Under the present procedure, the chair and members of the Authority are elected for five years and can be re-elected again and again. The procedure regulating duration of powers remain the same under the Draft Law. However, significant changes are expected in the appointment procedure: the Draft Law sets a limitation, so that the chair and members of the decision-making body may be re-elected only once. Here, it is relevant that competition law is a comparatively new and complex field. The decision-making body of the Authority has powers not only to decide on violations of the Competition Law but also to plan state competition policy. Taking into account the specifics of this legal sector plus the fact that penalties may amount up to 10% of a company's turnover, Authority members bear weighty liability for the quality of their decisions. Quality assurance, in turn, requires experienced professionals who are constantly improving their competence. Thus it is clear that a limitation on re-election could increase the number of low-quality decisions, with an adverse effect on competition in general. This, in our opinion, calls for a re-assessment of whether the Draft Law really needs the limitation on re-electing members of the decision-making body.

To maximise the efficiency of Authority operations, the Draft Law is expected to change the structure by abolishing the positions of executive board and executive director and establishing a decision making body within the Authority that adopts decisions in the name of the Authority and reaches administrative agreements on competition issues, as well as structural units that ensure Authority operations by performing the functions of secretariat and experts. The task of the structural units will be to prepare case materials, documents and draft decisions to be reviewed by Authority decisions, to represent the Authority before the courts and to enforce decisions.

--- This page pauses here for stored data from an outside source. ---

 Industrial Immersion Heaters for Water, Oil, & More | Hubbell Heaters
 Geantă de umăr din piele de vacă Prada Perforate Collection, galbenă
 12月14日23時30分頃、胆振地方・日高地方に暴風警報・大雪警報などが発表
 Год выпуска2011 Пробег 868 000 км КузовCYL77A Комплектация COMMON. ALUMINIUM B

At present, the structure of the Council with an investigative body (executive board) separated from the decision making body ensures independent investigation within the executive board as well as objective decisions by the decision making body. But the wording of the Draft Law entitles the Authority's chair to give direct orders to any Authority employee; this situation in essence contradicts the principle of independent investigation, which in turn could raise doubts about the justice and impartiality of Authority decisions.

On a more positive note, the Draft Law also includes a range of praiseworthy amendments such as an obligation to inform the public about performance of the Authority's tasks as well as other issues on protecting, maintaining and developing competition. In this respect the Authority has always successfully managed to inform the public by organising and participating in seminars devoted to competition law, as well as by publishing information on its internet website.

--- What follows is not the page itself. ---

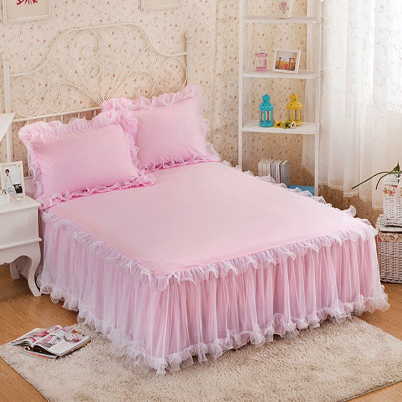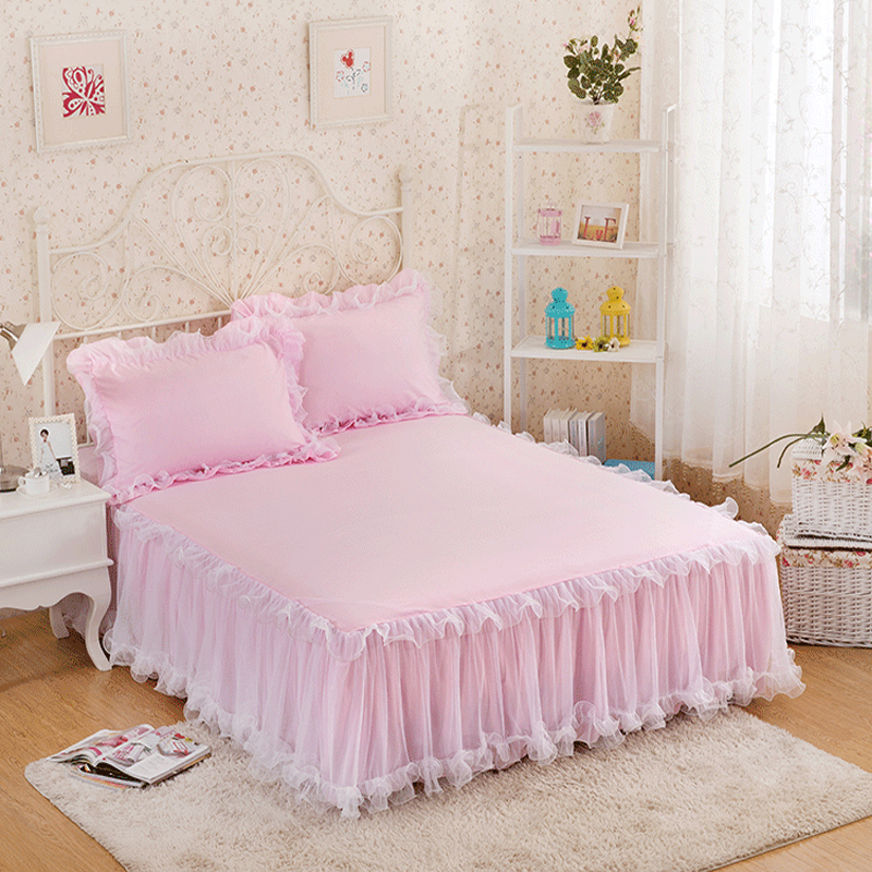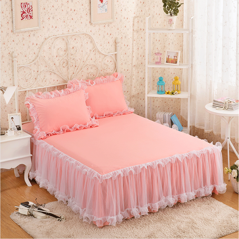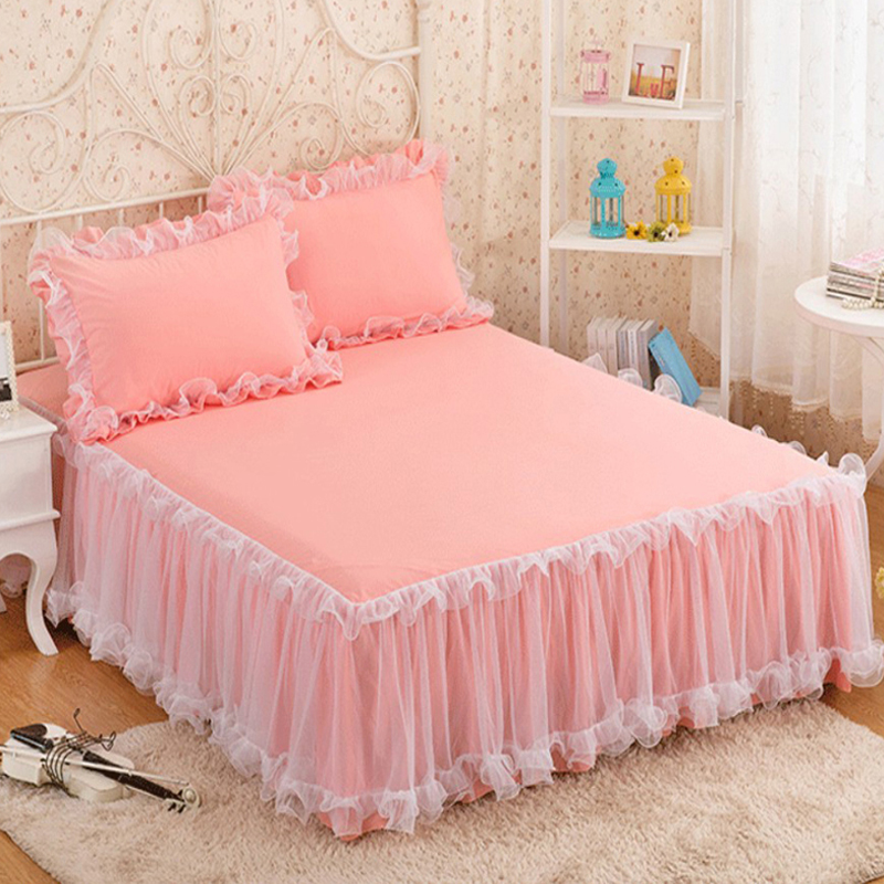 蕾丝花边床裙三件套公主风床罩

As to informing the public, the Draft Law empowers the Authority to protect confidential information by limiting public access only to information that should be generally available, ie excluding confidential information. Thus the Authority would maximise precision in handling information of limited access, ensure confidentiality and exclude risks of disclosing trade secrets. This practice has already been successfully implemented at the European Commission.

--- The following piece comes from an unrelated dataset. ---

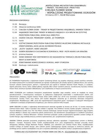 „WSPÓŁCZESNA ARCHITEKTURA KRAJOBRAZU – TRENDY, TECHNOLOGIE I PRAKTYKA: CHELSEA FLOWER SHOW - WSPÓŁCZESNE PROJEKTOWANIE OGRODÓW 18 marca 2011, SGGW Warszawa PROGRAM KONFERENCJI 10.30 Recepcja 11.00 Otwarcie konferencji (SAK) 11.15 CHELSEA FLOWER SHOW – TRENDY W PROJEKTOWANIU KRAJOBRAZU, ANDREW TOMLIN 12.00 NAJNOWSZE ŚWIATOWE TRENDY W MEBLACH MIEJSKICH I ICH WPŁYW NA ESTETYKĘ PRZESTRZENI PUBLICZNEJ, ADAM SALA (MMCITE4) 12.15 OGRÓD CHELSEA: PRAWDZIWY OGRÓD, JO THOMPSON 13.15 lunch 14.15 KSZTAŁTOWANIE PRZESTRZENI PUBLICZNEJ POPRZEZ WŁAŚCIWIE DOBRANĄ INSTALACJĘ OŚWIETLENIOWĄ, JACEK JACAK (SCHREDER POLSKA) 14.30 „ZŁOTE” OGRODY, MARK GREGORY 15.30 DOBÓR RODZIMYCH GATUNKÓW W OGRODACH, PROF. PIOTR MURAS (UR KRAKÓW) 16.15 przerwa kawowa 16.45 NOWE ODMIANY RÓś OKRYWOWYCH DO NASADZEŃ NA TERENACH ZIELENI PUBLICZNEJ (BOOT & HORTORUS) 17.00 POWSTAWANIE NOWOCZESNEGO OGRODU, ANDY STURGEON 18.00 Dyskusja i zakończenie PRELEGENCI JO THOMPSON Projektantka z dyplomem English Gardening School. Jej projekty obejmują szeroki wachlarz tematów: od małych powierzchni na dachach budynków po ogrody rezydencjalne jak choćby ogród w Ladham House. Jest autorką licznych załoŜeń komercyjnych; jednym z najnowszych jest ogród w siedzibie National Youth Theatre, w Londynie. Ogród pokazowy Thrive, który zdobył główną nagrodę (Best Urban Gardenl) podczas zeszłorocznej wystawy Chelsea Flower Show został po wystawie odbudowany i jest uŜytkowany w miejscu przeznaczenia. ANDY STURGEON jest czołowym brytyjskim projektantem ogrodów. Jego projekty, znane ze względu na swoją ponadczasowość i innowacyjność rozwiązań, to połączenie tradycyjnych materiałów z współczesnym stylem. Jest kilkukrotnym zdobywcą nagród Chelsea Flower Show (2005-2008 oraz 2010) oraz laureatem wyróŜnień organizacji branŜowych. Sunday Times oraz House and Garden Magazine umieściły go w pierwszej dziesiątce brytyjskich projektantów. Współpracuje z BBC, pisze dla najwaŜniejszych brytyjskich gazet i występuje w audycjach telewizyjnych i radiowych o tematyce projektowania krajobrazu; jest równieŜ autorem kilku ksiąŜek. MARK GREGORY to jeden z najbardziej doświadczonych twórców ogrodów (w branŜy od 30 lat); 12-krotny zwycięzca Chelsea Flower Show. Tylko w zeszłym roku zdobył 3 nagrody: The Children's Society Garden (projekt i realizacja), The Tourism Malaysia Garden oraz The Two Moors Festival (realizacja); laureat licznych nagród branŜowych. Jego projekty cechuje dbałość o detale oraz znakomita jakość wykończenia. Jest dyrektorem zarządzającym w Landform Consultans Limited; wspólnie z Andrew Wilsonem i Andrew Tomlinem prowadzi szkołę projektowania ogrodów London College of Garden Design. Jego wykłady dotyczą zarówno wykonawstwa, jak i projektowania krajobrazu. ANDERW TOMLIN prowadzi pracownię projektową tworząc załoŜenia ogrodowe i krajobrazowe uznane w Wielkiej Brytanii i Europie. Pracownia Fisher Tomlin współpracowała m.in. przy projektowaniu terenów przyszłej wioski olimpijskiej (Athletes Village Wetlands Project). Wykłada, jest członkiem jury Chelsea Flower Show, współprowadzi London College of Garden Design. Jako członek panelu wyłaniającego ogrody startujące w konkursie pokaŜe, jak przebiega proces wyboru kandydatów oraz jak ta wystawa oddziałuje na aktualne trendy w projektowaniu krajobrazu. FORMULARZ ZGŁOSZENIOWY NA STRONIE WWW.SAK.ORG.PL. ZGŁOSZENIA DO 10 MARCA

The Draft Law introduces an obligation to inform the public about decisions on violations of Competition Law, mergers and agreements between market participants. However, this obligation does not include decisions on penalties for administrative violations that the Authority may impose for failure to provide information, providing false information or failure to perform lawful requests by Authority officials. Publication of these decisions is especially important in the context of the Draft Law changes affecting the penalty, in that for these violations the Authority may impose a fine of up to 1% of a market participant's net turnover for the previous financial year. At present the issue of penalties for administrative violations is regulated by the Latvian Code of Administrative Violations, with a maximum administrative penalty for a legal person's procedural violations set at EUR 14,000.